TASK ITEM
Write the data out again, character for character, with no images.

INFORMATION SHOWN
"""

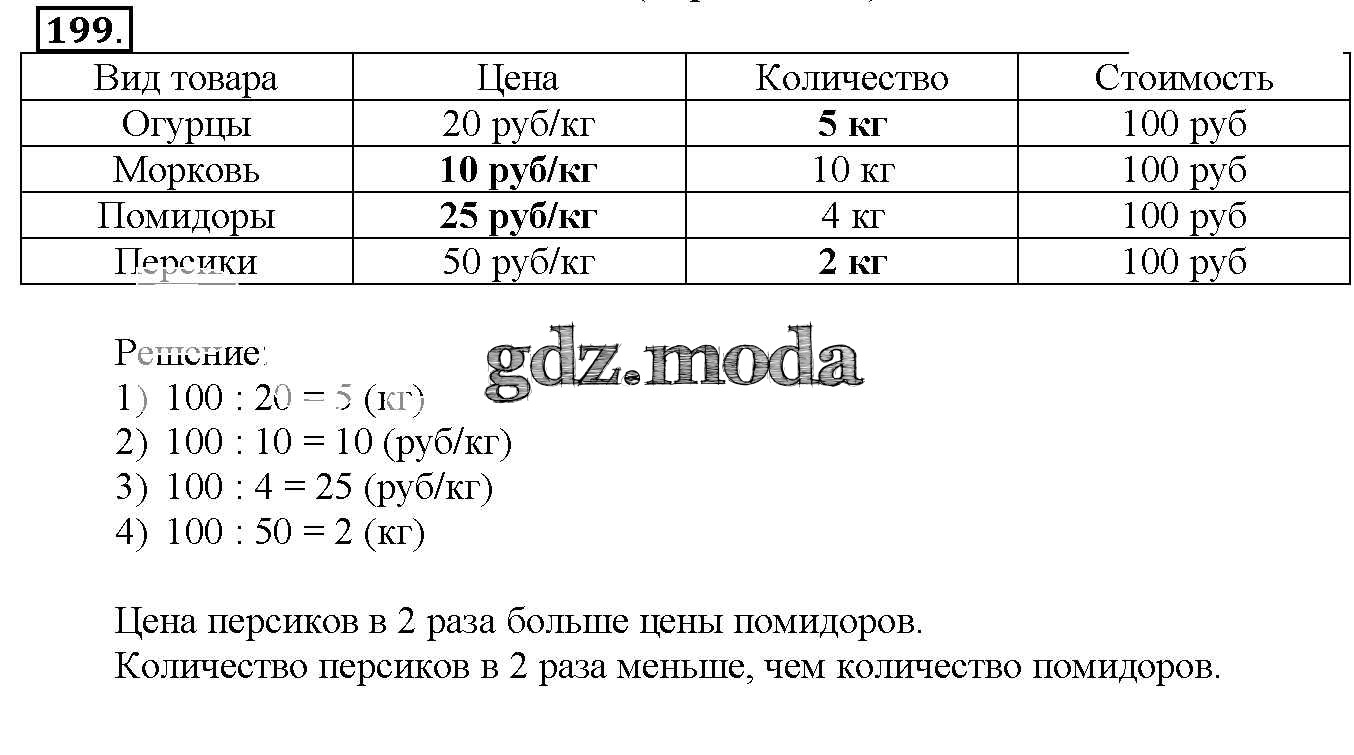 ГДЗ решение к заданию № 199 Математика 4 класс Чекин А.Л. Академкнига 2012 Часть 1, Часть 2 ФГОС бесплатно на гдз.мода!
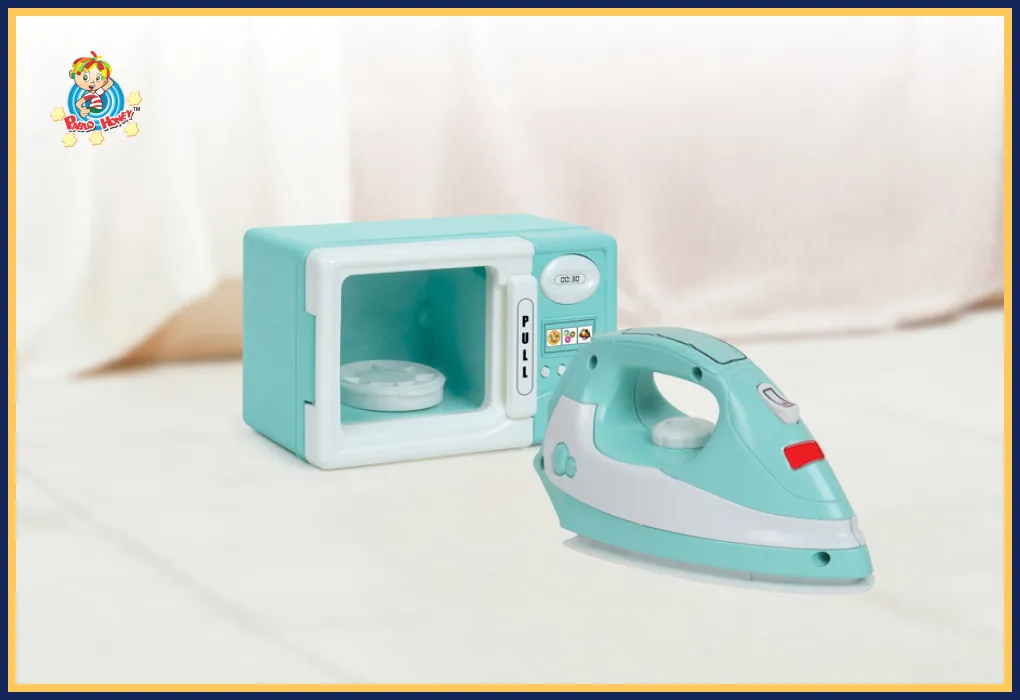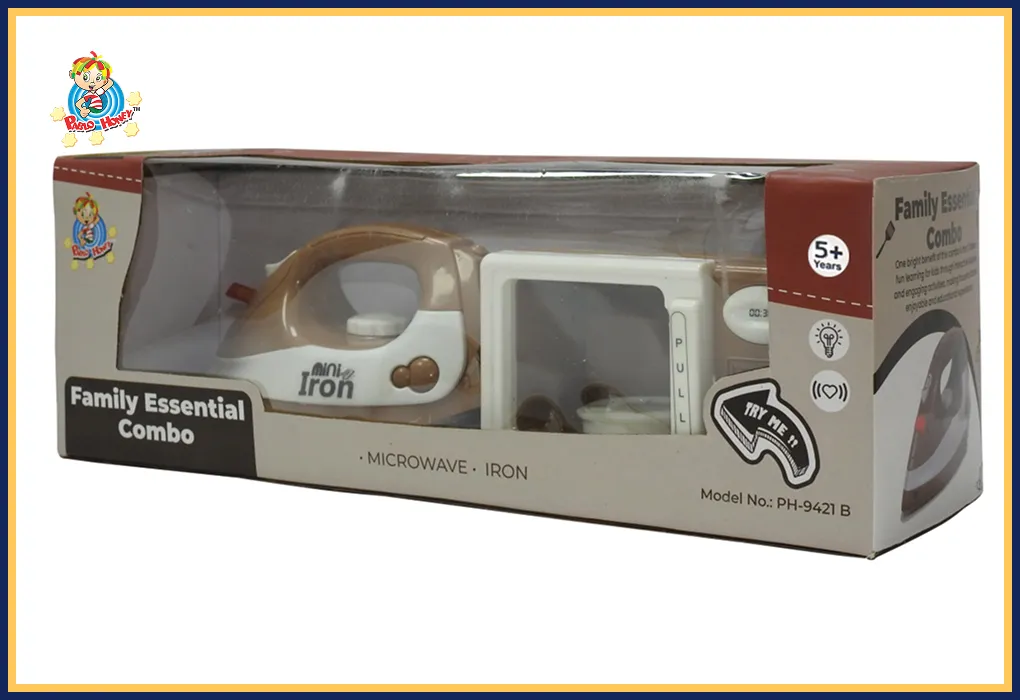 This Family Essential Combo is full of fun for little hands and endless playtime. It includes a mini oven, a sewing machine, and other exciting home appliances that let kids explore everyday activities in a playful way. Each appliance has easy-to-use buttons, moving parts, and lights that make playtime feel real. Kids will love pretending to cook, sew, and mix, keeping them engaged and curious. This combo is perfect for sparking imagination and creative role play, making every play session exciting and enjoyable.
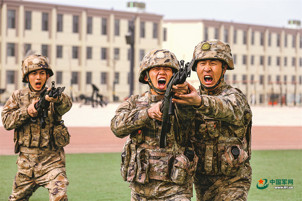 近日,武警某部新兵训练团组织小比武、小竞赛。图为新兵吴祉进(左前)与班长进行比拼。孟令照摄

"""

EXERCISE SOLUTION
 ГДЗ решение к заданию № 199 Математика 4 класс Чекин А.Л. Академкнига 2012 Часть 1, Часть 2 ФГОС бесплатно на гдз.мода!
 This Family Essential Combo is full of fun for little hands and endless playtime. It includes a mini oven, a sewing machine, and other exciting home appliances that let kids explore everyday activities in a playful way. Each appliance has easy-to-use buttons, moving parts, and lights that make playtime feel real. Kids will love pretending to cook, sew, and mix, keeping them engaged and curious. This combo is perfect for sparking imagination and creative role play, making every play session exciting and enjoyable.
 近日,武警某部新兵训练团组织小比武、小竞赛。图为新兵吴祉进(左前)与班长进行比拼。孟令照摄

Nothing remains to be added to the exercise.